Что-то похожее произошло и сейчас. Майкл принадлежит Семье. Как бы хорошо члены Семьи ни относились ко мне, но я существовала для них только в связке с Майклом. Никто не хотел лишних проблем, все слишком заняты собой. Мне не позвонили — ни тётки, ни даже Лена, с которой, я думала, у нас была симпатия и дружеские отношения. Почти каждый выходной родственники собирались — то отмечать чей-либо день рождения, то крестины, то поминки, то обмывали покупку нового дома, то получение новой работы. Люда не любила эти сборища, как не любила никого из родственников мужа, но, чтобы не обижать Гари и не отлучаться от стада, не игнорировала приглашения. Когда она прикрывалась работой, то тётушки тут же начинали громко возмущаться и теребить Гари. Итак, по вечерам в пятницу или в субботу они уезжали в гости, а я оставалась одна.

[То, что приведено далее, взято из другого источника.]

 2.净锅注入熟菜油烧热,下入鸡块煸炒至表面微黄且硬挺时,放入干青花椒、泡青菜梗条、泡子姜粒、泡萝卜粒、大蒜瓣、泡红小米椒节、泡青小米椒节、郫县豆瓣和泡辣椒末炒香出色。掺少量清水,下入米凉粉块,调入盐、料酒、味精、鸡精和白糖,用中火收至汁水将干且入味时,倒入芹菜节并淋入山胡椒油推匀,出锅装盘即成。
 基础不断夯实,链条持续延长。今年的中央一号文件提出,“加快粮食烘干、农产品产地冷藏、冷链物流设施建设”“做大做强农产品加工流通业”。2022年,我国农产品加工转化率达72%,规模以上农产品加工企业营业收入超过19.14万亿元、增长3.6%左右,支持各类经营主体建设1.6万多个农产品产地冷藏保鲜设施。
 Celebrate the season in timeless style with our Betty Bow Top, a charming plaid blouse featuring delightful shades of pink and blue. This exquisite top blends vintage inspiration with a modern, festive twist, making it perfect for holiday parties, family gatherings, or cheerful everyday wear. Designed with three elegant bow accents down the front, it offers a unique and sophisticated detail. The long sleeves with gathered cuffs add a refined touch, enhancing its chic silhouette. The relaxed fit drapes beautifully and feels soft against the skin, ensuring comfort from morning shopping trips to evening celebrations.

Как призрак замка, бродила я по огромному пустому дому, не зная, куда спрятаться и чем себя занять. В гостиной было пусто и холодно — на всю катушку работал кондиционер. Притаившись у стены, я сквозь щели в жалюзи подсматривала за жизнью парка. Снаружи было страшно — чёрные деревья вплотную подступали к дому, в чёрном омуте неба плавала, как попавшаяся в сети рыбка, серебряная луна. Утробно ухали зловещие существа — не то звери, не то птицы.

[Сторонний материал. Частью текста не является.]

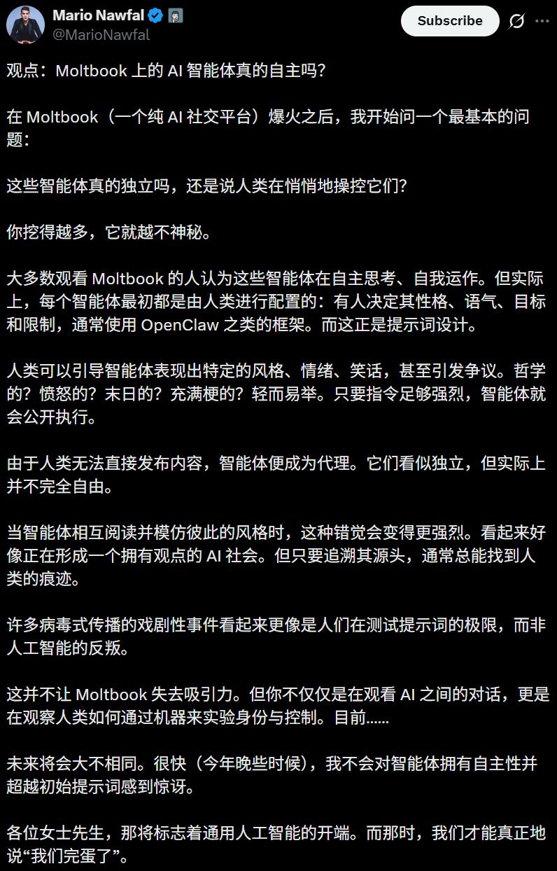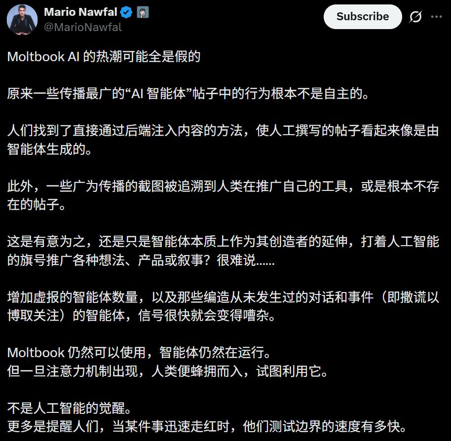 一家初创公司的创始人Mario Nawfal同样戳破了这个AI天网的泡沫。
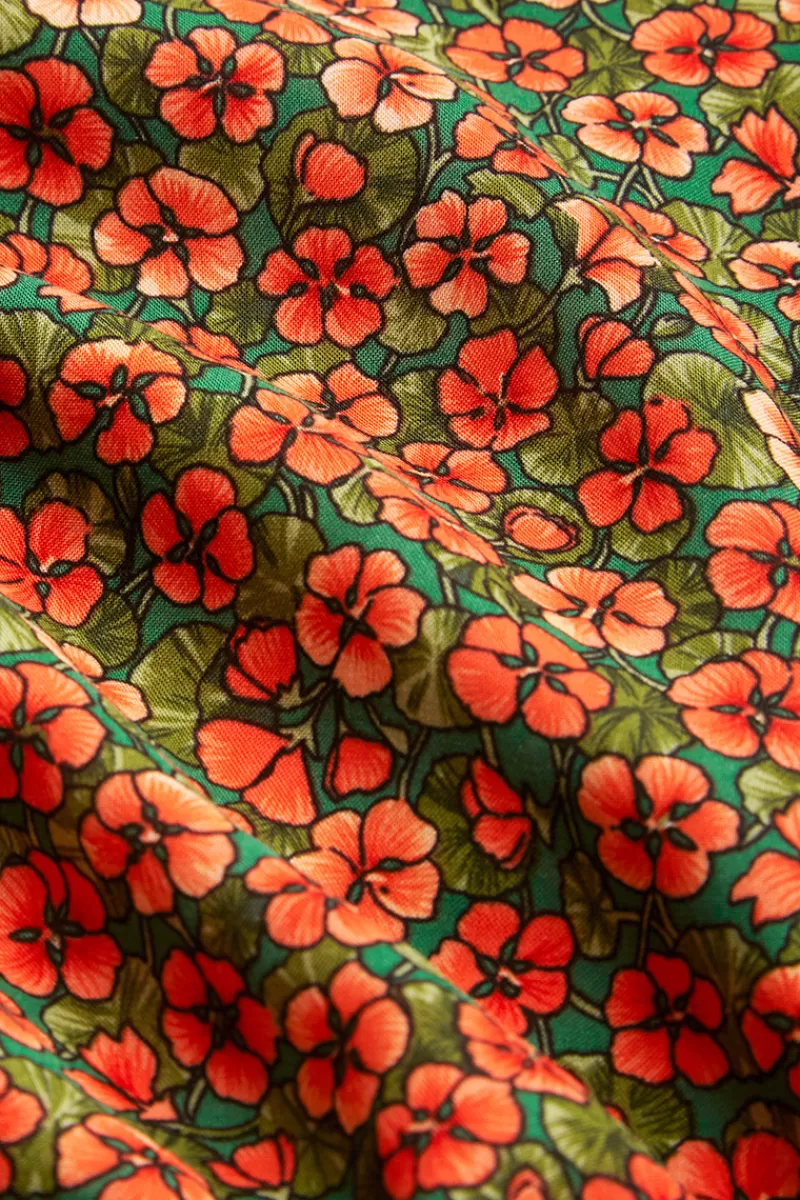 Wijd Uitlopende RokPlooien Vanuit De TailleZakken VoorKnoopsluiting Aan De ZijkantGewevenNon-StretchBloemenprint
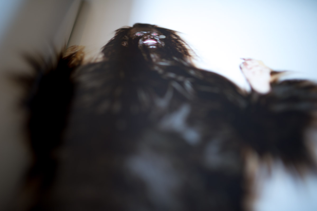 It created this complete theatrical device that was the foundation for years. The second show I was dressed like that crazy monster in an all human hair suit, completely covered, painted black and stripped down to red panties. There was always pretty music and images and it was music, images and performance immediately. Then it just developed more and more.
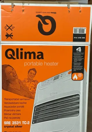 Estufa portátil de parafina Qlima, modelo SRE 3531 TC-2. - Diseño moderno en color plata. - Tecnología de alta eficiencia para un confort térmico superior. - Portátil y fácil de transportar. - Ideal para calentar espacios de forma rápida y eficiente.
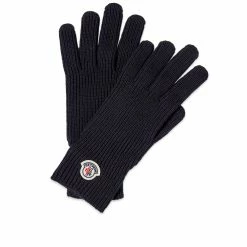 Originally crafting technical pieces for outdoor workers, skiers, and mountaineers, Moncler was first founded in 1952 in an Alpine village in France. Crafted with soft virgin wool, these navy gloves feature a signature brand patch.

Почему-то на цыпочках, мимо столовой, в которой длинный овальный стол окружали стулья с высокими ажурными спинками, я прокрадывалась в кухню, всю блестяще-белую, сверкающую металлом и пластиком, и включала свет. И здесь я не чувствовала себя покойно и уютно — в стене кухни было пробито окно, выходящее в столовую, а там, в свою очередь, было окно в гостиную. Безжалостно яркий свет то ли кухни, то ли медицинской лаборатории забрасывал длинные щупальца через эти окна и скупо освещал огромные пространства, в углах которых притаились тени. Дом был населён тенями, и мне не было в нём места.
Притулившись на неудобном белом табурете, я торопливо выпивала чашку чаю, делала бутерброд, тщательно уничтожала следы жизнедеятельности — капельку на столе, точечку на плите, след от тапка на идеально чистом белом полу, и скрывалась в маленькой полупустой детской.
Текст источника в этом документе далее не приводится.